TRY IT: Leave out the pictures, then return the records word for word.

Stored items:
=== Begin Enclosure ===

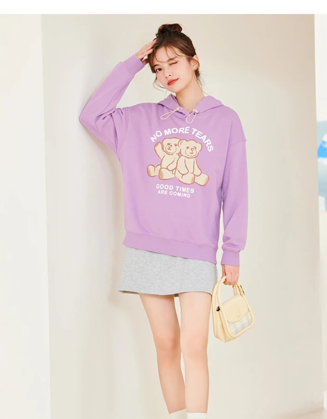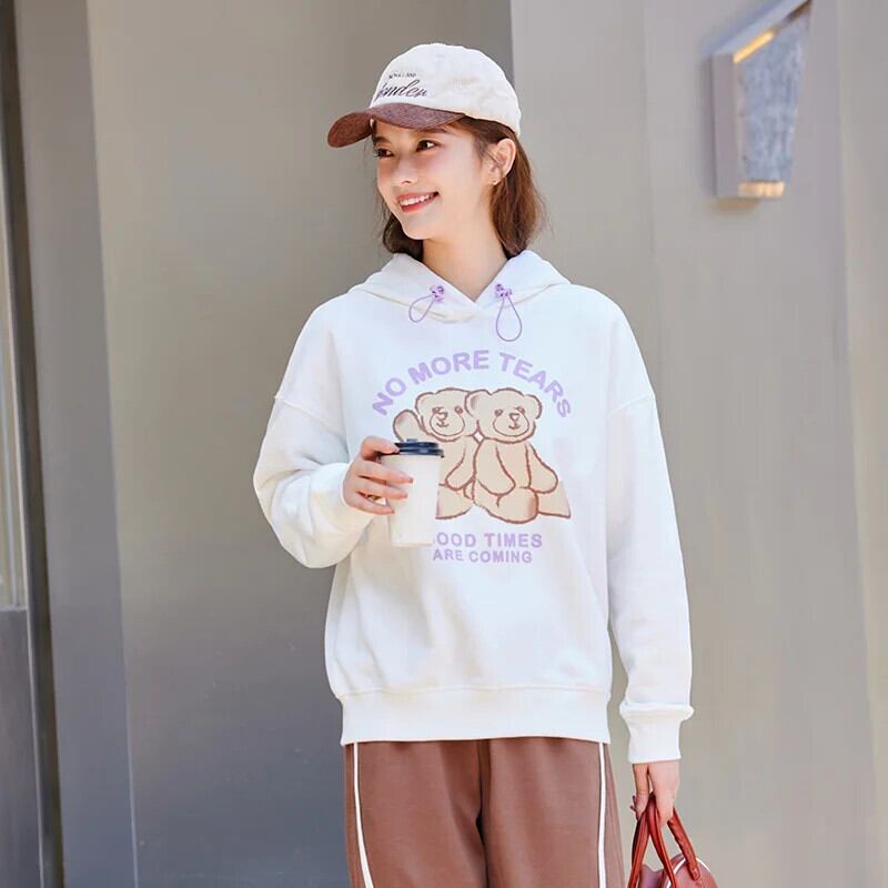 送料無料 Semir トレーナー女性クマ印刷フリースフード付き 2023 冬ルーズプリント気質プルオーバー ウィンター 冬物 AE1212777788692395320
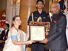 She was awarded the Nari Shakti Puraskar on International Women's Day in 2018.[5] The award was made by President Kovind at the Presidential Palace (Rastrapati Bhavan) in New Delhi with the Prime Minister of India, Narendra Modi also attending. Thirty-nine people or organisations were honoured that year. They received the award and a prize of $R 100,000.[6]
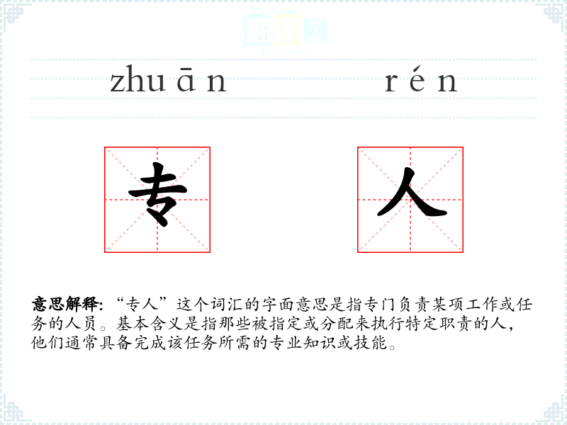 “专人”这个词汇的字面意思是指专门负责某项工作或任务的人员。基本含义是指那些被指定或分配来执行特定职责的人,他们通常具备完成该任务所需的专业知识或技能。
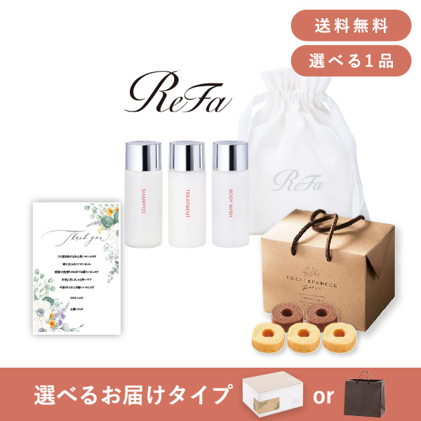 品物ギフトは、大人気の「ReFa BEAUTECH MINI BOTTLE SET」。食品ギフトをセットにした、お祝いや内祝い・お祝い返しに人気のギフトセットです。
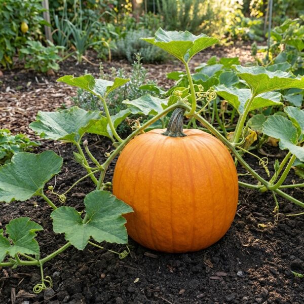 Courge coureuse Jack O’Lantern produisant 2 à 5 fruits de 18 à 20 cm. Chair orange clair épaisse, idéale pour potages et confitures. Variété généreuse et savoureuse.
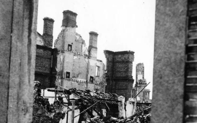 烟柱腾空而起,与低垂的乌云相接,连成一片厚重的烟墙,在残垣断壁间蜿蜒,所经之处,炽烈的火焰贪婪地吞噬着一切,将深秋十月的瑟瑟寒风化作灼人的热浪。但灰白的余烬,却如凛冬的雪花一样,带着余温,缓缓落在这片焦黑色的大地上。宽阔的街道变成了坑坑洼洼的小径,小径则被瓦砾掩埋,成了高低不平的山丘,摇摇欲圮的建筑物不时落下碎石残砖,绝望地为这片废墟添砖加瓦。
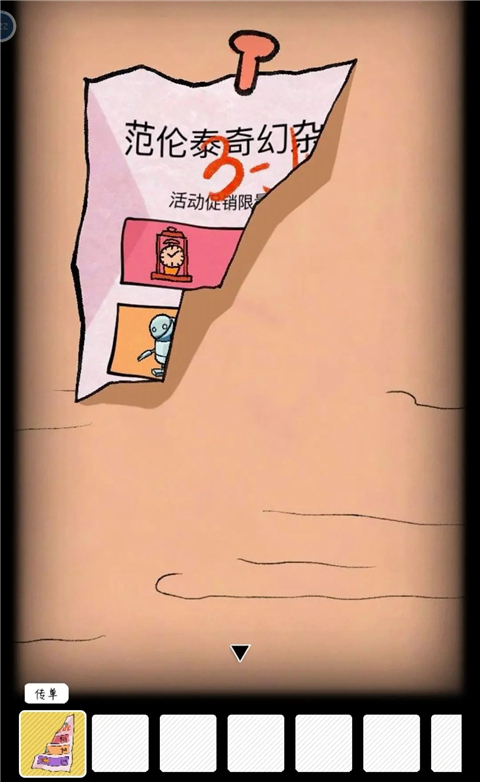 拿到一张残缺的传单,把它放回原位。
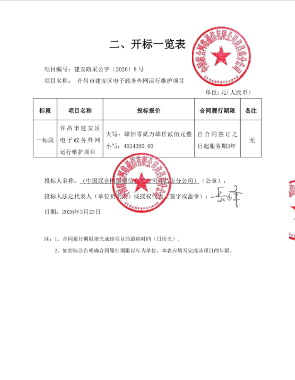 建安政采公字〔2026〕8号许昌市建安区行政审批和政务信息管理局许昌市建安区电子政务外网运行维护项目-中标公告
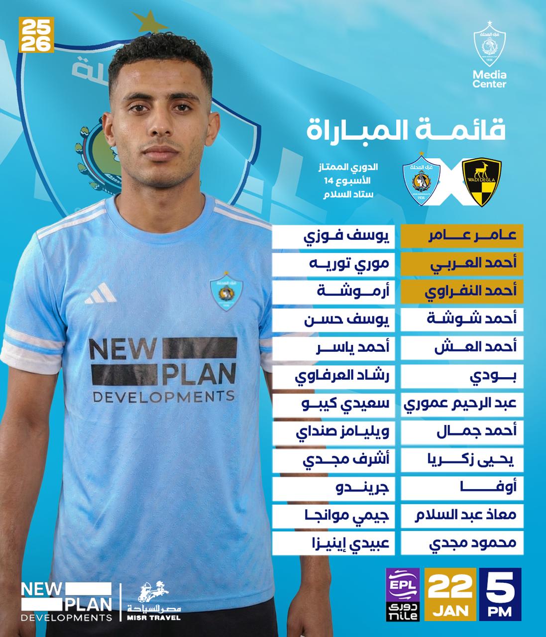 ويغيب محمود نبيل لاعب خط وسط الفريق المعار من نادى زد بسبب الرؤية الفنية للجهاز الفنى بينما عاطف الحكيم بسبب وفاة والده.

=== End Enclosure ===

SOLVED EXERCISE:
 送料無料 Semir トレーナー女性クマ印刷フリースフード付き 2023 冬ルーズプリント気質プルオーバー ウィンター 冬物 AE1212777788692395320
 She was awarded the Nari Shakti Puraskar on International Women's Day in 2018.[5] The award was made by President Kovind at the Presidential Palace (Rastrapati Bhavan) in New Delhi with the Prime Minister of India, Narendra Modi also attending. Thirty-nine people or organisations were honoured that year. They received the award and a prize of $R 100,000.[6]
 “专人”这个词汇的字面意思是指专门负责某项工作或任务的人员。基本含义是指那些被指定或分配来执行特定职责的人,他们通常具备完成该任务所需的专业知识或技能。
 品物ギフトは、大人気の「ReFa BEAUTECH MINI BOTTLE SET」。食品ギフトをセットにした、お祝いや内祝い・お祝い返しに人気のギフトセットです。
 Courge coureuse Jack O’Lantern produisant 2 à 5 fruits de 18 à 20 cm. Chair orange clair épaisse, idéale pour potages et confitures. Variété généreuse et savoureuse.
 烟柱腾空而起,与低垂的乌云相接,连成一片厚重的烟墙,在残垣断壁间蜿蜒,所经之处,炽烈的火焰贪婪地吞噬着一切,将深秋十月的瑟瑟寒风化作灼人的热浪。但灰白的余烬,却如凛冬的雪花一样,带着余温,缓缓落在这片焦黑色的大地上。宽阔的街道变成了坑坑洼洼的小径,小径则被瓦砾掩埋,成了高低不平的山丘,摇摇欲圮的建筑物不时落下碎石残砖,绝望地为这片废墟添砖加瓦。
 拿到一张残缺的传单,把它放回原位。
 建安政采公字〔2026〕8号许昌市建安区行政审批和政务信息管理局许昌市建安区电子政务外网运行维护项目-中标公告
 ويغيب محمود نبيل لاعب خط وسط الفريق المعار من نادى زد بسبب الرؤية الفنية للجهاز الفنى بينما عاطف الحكيم بسبب وفاة والده.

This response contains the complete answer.